Current Results

LEARNING FROM SELECTED EXAMPLES

Each of the events in the prediction registry is included in the overall summary of current results as soon as it is possible to make the calculations that comprise the formal hypothesis test. There is likely to be something interesting about every case, but examining all of them in full detail would be prohibitive. A selection of a few examples will provide some indication of the range of outcomes, and show what the data look like over the period of the prediction and how the the formal analysis represents the data. Some of these examples, the Yugoslavia Bombing, New Years, the Turkey Earthquake, have been treated comprehensively, with various analytical approaches and examination of "control" data to provide context.

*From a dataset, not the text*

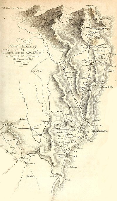| Tumult in Tarragona—Reding proclaimed general—Reinforcements join the Spaniards—Actions at Bruch—Lazan advances, and fights at Castel Ampurias—He quarrels with Reding, and marches towards Zaragoza—Reding’s plans—St. Cyr breaks Reding’s line at Llacuna—Actions at Capelades, Igualada, and St. Magi—French general, unable to take the abbey of Creuz, turns it, and reaches Villaradona—Joined by Souham’s division, takes post at Valls and Pla—Reding rallies his centre and left wing—Endeavours to reach Taragona—Battle of Valls—Weak condition of Tortosa—St. Cyr blockades Taragona—Sickness in that city—St. Cyr resolves to retire—Chabran forces the bridge of Molino del Rey—Conspiracy in Barcelona fails—Colonel Briche arrives with a detachment from Aragon—St. Cyr retires behind the Llobregat—Pino defeats Wimpfen at Tarrasa—Reding dies—His character—Blake is appointed captain-general of the Coronilla—Changes the line of operations to Aragon—Events in that province—Suchet takes the command of the French at Zaragoza—Colonels Pereña and Baget oblige eight French companies to surrender—Blake advances—Battle of Alcanitz—Suchet falls back—Disorder in his army—Blake neglects Catalonia—St. Cyr marches by the valley of Congosto upon Vich—Action at the defile of Garriga—Lecchi conducts the prisoners to the Fluvia—St. Cyr hears of the Austrian war—Barcelona victualled by a French squadron—Observations | 78 |
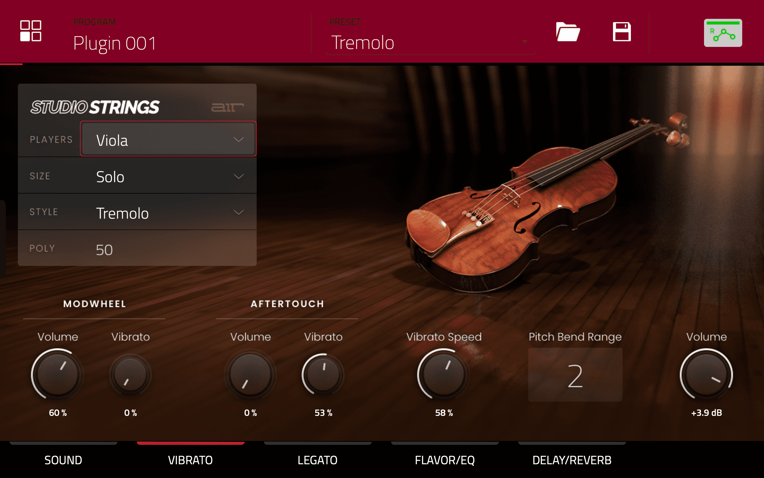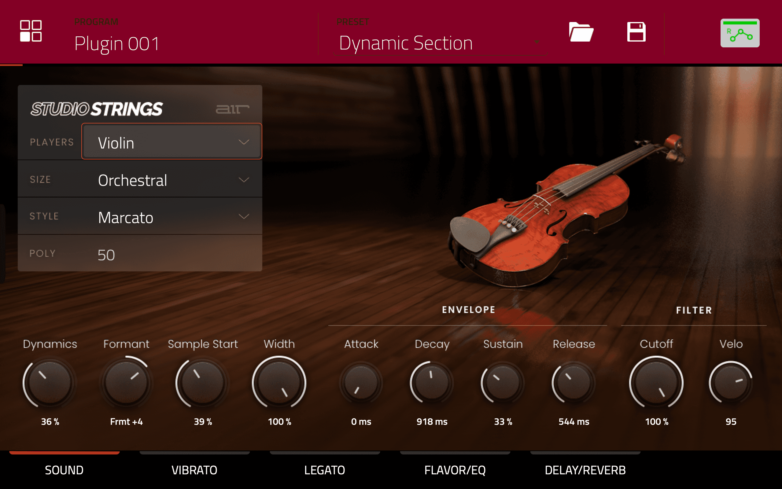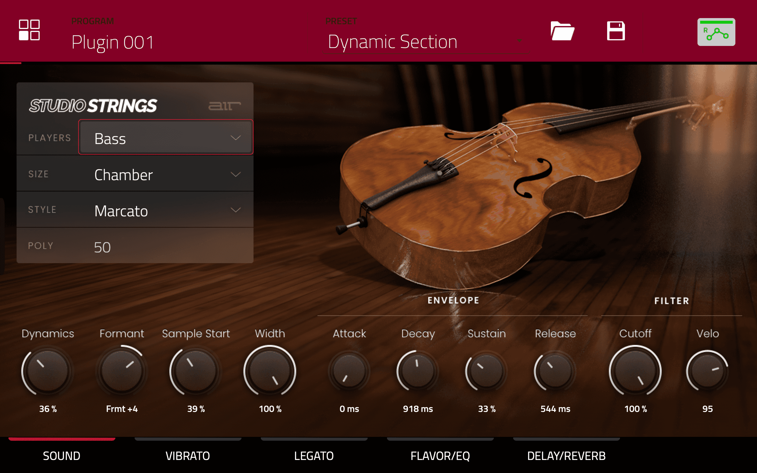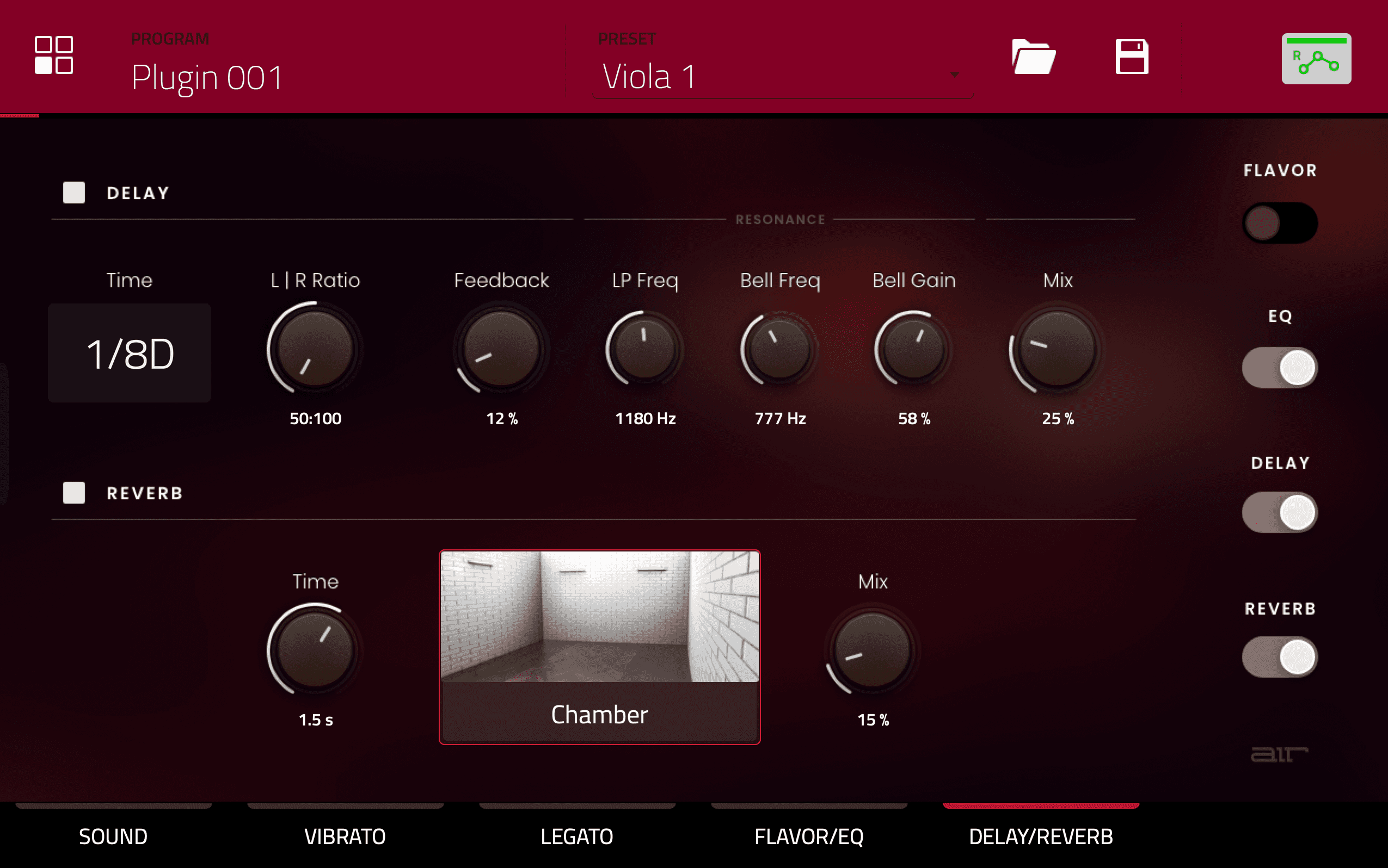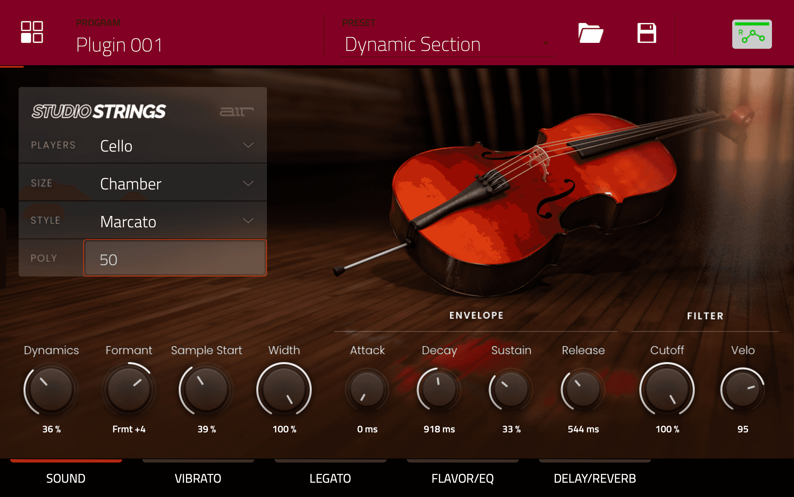 - Craft your original string sound with 30 flavor timbre effects, plus delay, EQ, and reverb.

(Note: the following links go to pages with multiple graphs, and require some downloading patience.)
For example, a set of explorations of the Yugoslavia data was conducted to give us more insight into the structure of the data and the implications of our choices for analytical strategies, especially the block size. A second set of graphical and statistical alternatives looks at potentially revealing ways of displaying the data. A third collection of graphics, drawing on these explorations, works toward a standardized set of displays.

But first, a brief discussion of the purpose of the experiment, the nature of the data, and the primary analytical strategies:

The experimental hypothesis is that otherwise random data recorded during extraordinary global events will be slightly less random, resulting in an unusual deviation above or below the expected mean value. The fundamental elements in the measurement technology used by the GCP are the trials that make up the ongoing sequence of random events. When the random sequence is undisturbed, the trial deviations are symmetrically distributed around the mean, and an accumulation of the deviations over time will look like a random walk, with unpredictable excursions wandering above and below the mean, but no obvious trend. In contrast, if the sequence of data points is even slightly correlated with some other variable, the random walk will become less random, and take on a trend with a slope that corresponds to the strength of the correlation. The terminal value of such a cumulative deviation represents the "bottom line" for the question whether the correlation with the defined global event is significant according to the appropriate statistical criteria.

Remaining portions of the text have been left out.